MONO: il tredicesimo album in studio
I MONO annunciano il tredicesimo album in studio, ‘Snowdrop’, disponibile dal 12 Giugno per Temporary Residence. Ascolta il primo estratto ‘Winter Daphne’ - https://www.youtube.com/watch?v=ljuK1PCi_A8
‘Snowdrop’ è il primo album della band post-rock giapponese realizzato con Brad Wood (Touché Amoré, The Smashing Pumpkins), dopo la scomparsa dell’amico e storico collaboratore Steve Albini. Il nuovo album è un monito d'amore, atto a ricordare i cari che non sono più con noi, proprio come Steve Albini, spesso considerato un membro aggiuntivo dei Mono per la sua lunga collaborazione con la band di Tokyo.
I Mono, attivi dal 1999, sono una leggenda della scena indipendente, uno dei principali gruppi rock sperimentali giapponesi.
MONO - 'Snowdrop' - Disponibile dal 12 Giugno per Temporary Residence tracklist:
01. Snowdrop
02. Winter Daphne
03. Gerbera
04. Statice
05. Herdera
06. Shion
07. Bells of Ireland
08. Farewell to Spring

“Nel linguaggio dei fiori Winter Daphne - racconta la band a proposito del primo brano estratto dal nuovo album - rappresenta l’ultimo slancio di vita, la gloria e l’eternità. Nel momento imminente dell’ultimo saluto, la vita è esplosa con un senso d’orgoglio. I ricordi condivisi sono riaffiorati come in una lanterna magica. Poi, lentamente, è arrivata la quiete, e ti sei trasformato in luce, partendo in pace verso il cielo”. «Senza eccezioni – continuano i Mono - tutti prima o poi lasceranno questo mondo e affronteranno la separazione dalle persone amate. Con questo album abbiamo voluto esprimere la nostra gratitudine eterna verso coloro che hanno camminato al nostro fianco nel viaggio della vita. Crediamo che questo sentimento sia l’unica cosa capace di colmare il vuoto lasciato nei nostri cuori e di alleviare il dolore profondo della perdita. Ogni fiore porta con sé un linguaggio unico. Per questo album abbiamo incorporato nei titoli dei brani i messaggi dei fiori tradizionalmente donati a chi non c’è più. La nostra speranza è che questo disco possa essere una fonte di luce e speranza per chi ha perso una persona cara”.

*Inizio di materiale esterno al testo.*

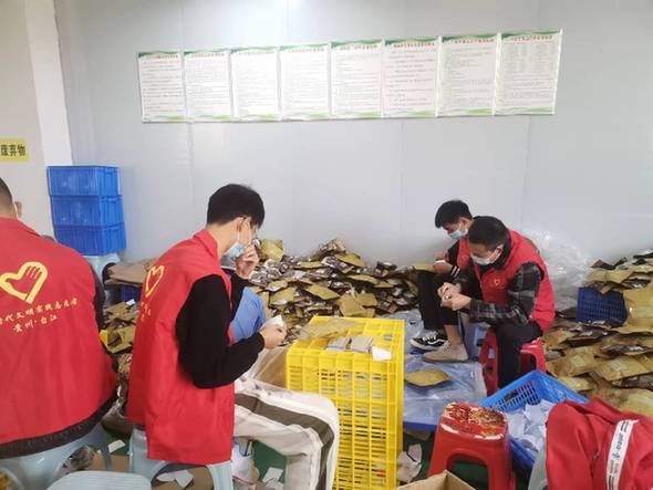 志愿者娄校源说:“今天我们贴了1000包黄花菜包装标贴,包装茶叶500箱,包装银饰赠品1000包,蜂蜜装箱1000罐。虽然感到有点累,但是能切身体验到工厂流水线工人们的不易,据工作人员介绍,这批加急生产的产品是供应年底销售旺季的订单,为减轻疫情带来的压力,我们都出了一份力,我很乐意参加这样的志愿服务。”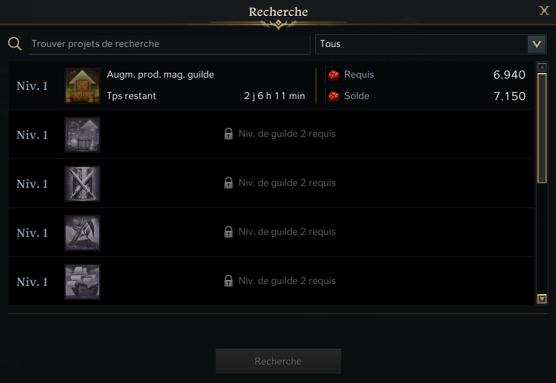 Les membres de la guilde peuvent soutenir les éléments de recherche en contribuant à l’activation des compétences ou à la croissance de la guilde.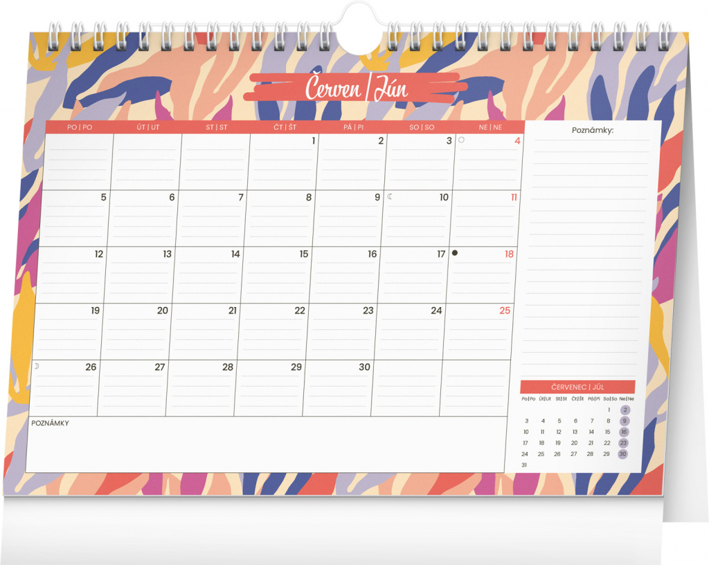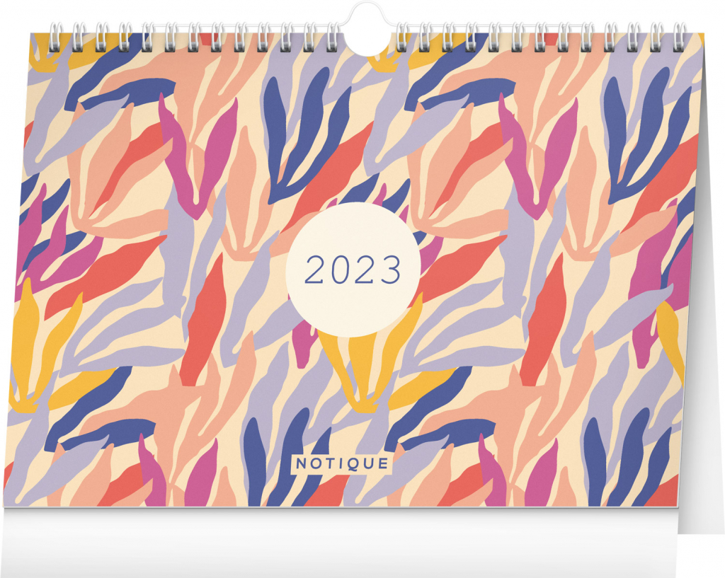 Designový stolní kalendář s lehkou kroužkovou vazbou. Obsahuje měsíční kalendárium v češtině a slovenštině, prostor na poznámky a přehled svátků a památných dnů. Praktický háček umožňuje i zavěšení kalendáře na zeď.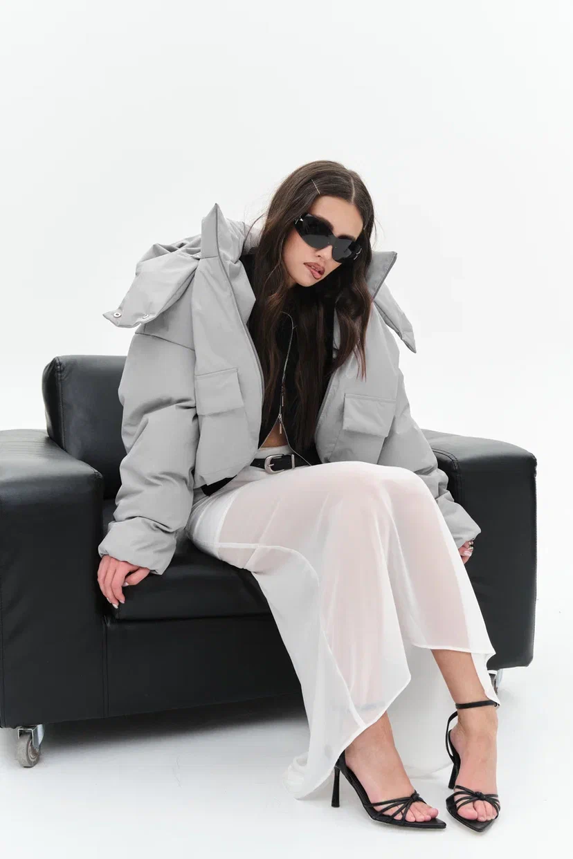Женская укороченная косуха из фактурной экокожи цвета серый питон, максимально схожая с натуральной. Модель свободного кроя, длинными рукавами и втачными молниями, прорезными карманами на молниях, широкими отложным воротником и лацканами, погонами на плечах, широким поясом с пряжкой, продетым...

Quando i MONO registrarono il precedente album, ‘Oath’, insieme al loro storico produttore e amico Steve Albini nel 2023, non avrebbero mai immaginato che sarebbe stato l’ultimo lavoro in studio realizzato insieme. Albini è scomparso tragicamente l’anno successivo, lasciando un vuoto incalcolabile non solo nelle vite di chi lo conosceva, ma anche in quelle di chiunque avesse un legame con uno dei migliaia di dischi che ha contribuito a portare nel mondo negli ultimi quarant’anni. Albini portava chiarezza nel caos, e un senso di servizio verso l’arte e gli artisti che non aveva eguali. A livello personale e pratico, la perdita ha lasciato i MONO in uno stato di profondo dolore e incertezza. Albini era diventato una parte fondamentale dell’inconfondibile suono della band, e l’idea di sostituirlo era, a dir poco, scoraggiante.

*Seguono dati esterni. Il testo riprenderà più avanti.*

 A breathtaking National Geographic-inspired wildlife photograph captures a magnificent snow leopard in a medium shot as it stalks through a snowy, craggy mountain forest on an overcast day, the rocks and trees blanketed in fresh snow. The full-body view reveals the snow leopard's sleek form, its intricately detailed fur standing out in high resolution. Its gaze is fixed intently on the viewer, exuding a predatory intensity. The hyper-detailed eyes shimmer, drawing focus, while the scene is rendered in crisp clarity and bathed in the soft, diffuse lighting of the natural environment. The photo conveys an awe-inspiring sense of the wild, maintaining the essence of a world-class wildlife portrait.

È qui che entra in scena Brad Wood (Touché Amoré, The Smashing Pumpkins). Scelto sia per la sua familiarità con il processo creativo e tecnico dei MONO, sia per la sua amicizia pluridecennale con Albini, Wood è entrato nei leggendari studi Electrical Audio nel settembre 2025 per registrare quello che sarebbe diventato ‘Snowdrop’.
Lavorando nuovamente con il direttore d’orchestra e arrangiatore Chad McCullough, i MONO hanno coinvolto un’orchestra di dieci elementi e un coro di otto voci per gli otto brani monumentali che compongono l’album. Con la band e Wood impegnati nello stesso spazio sacro in cui erano nati la maggior parte dei dischi dei MONO negli ultimi venticinque anni, le nuove composizioni portano con sé un peso emotivo particolare.

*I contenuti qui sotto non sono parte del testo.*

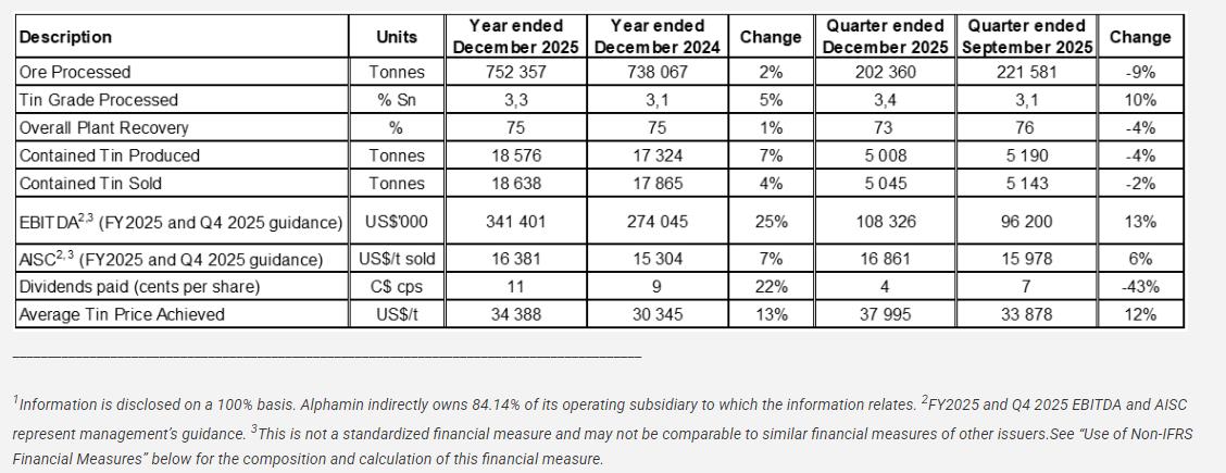 2025财年及第四季度运营与财务表现 - 2025财年全年锡产量为18,576吨,同比增长7%,基本符合调整后18,000-18,500吨的产量指引 [1] - 2025财年全年加工矿石量为752,357吨,同比增长2% [2] - 2025财年全年加工锡品位为3.3%,较上一财年的3.1%提升5% [2] - 2025财年全年整体工厂回收率稳定在75% [1][2] - 2025财年第四季度锡产量为5,008吨,环比下降4%,与5,000吨的季度目标一致 [1] - 2025财年第四季度加工矿石量为202,360吨,环比下降9% [2] - 2025财年第四季度加工锡品位为3.4%,环比提升10% [2] - 2025财年第四季度整体工厂回收率为73%,环比下降4个百分点 [2] 2025财年及第四季度销售与盈利 - 2025财年全年锡销量为18,638吨,同比增长4% [2] - 2025财年全年实现的平均锡价为每吨34,388美元,同比增长13% [2] - 2025财年全年EBITDA为3.414亿美元,同比增长25% [2] - 2025财年全年全部维持成本为每吨16,381美元,同比增长7% [2] - 2025财年第四季度锡销量为5,045吨,环比下降2% [2] - 2025财年第四季度实现的平均锡价为每吨37,995美元,环比增长12% [2] - 2025财年第四季度EBITDA为1.083亿美元,环比增长13% [2] - 2025财年第四季度全部维持成本为每吨16,861美元,环比增长6% [2] 股东回报与产量指引 - 2025财年全年每股派息为11加分,同比增长22% [2] - 2025财年第四季度每股派息为4加分,环比下降43% [2] - 公司发布2026财年产量指引,预计截至2026年12月的全年锡产量将达到20,000吨 [1] 运营中断事件 - 2025财年锡产量受到2025年3月因安全问题暂时停止运营以及2025年4月15日分阶段重启的负面影响 [1]

Mixato da Wood nel suo studio Seagrass a Los Angeles, ‘Snowdrop’ è allo stesso tempo intimo e avvolgente. Laddove sarebbe potuta incombere un’ombra di lutto, si percepisce invece un profondo senso di gratitudine. Piuttosto che indugiare nel dolore, emerge una toccante celebrazione della vita condivisa con un caro amico – e un desiderio verso ciò che potrebbe venire. Snowdrop è il suono di una band che trasforma shock e tristezza in speranza e meraviglia, ritrovando una nuova direzione nella libertà dell’incertezza.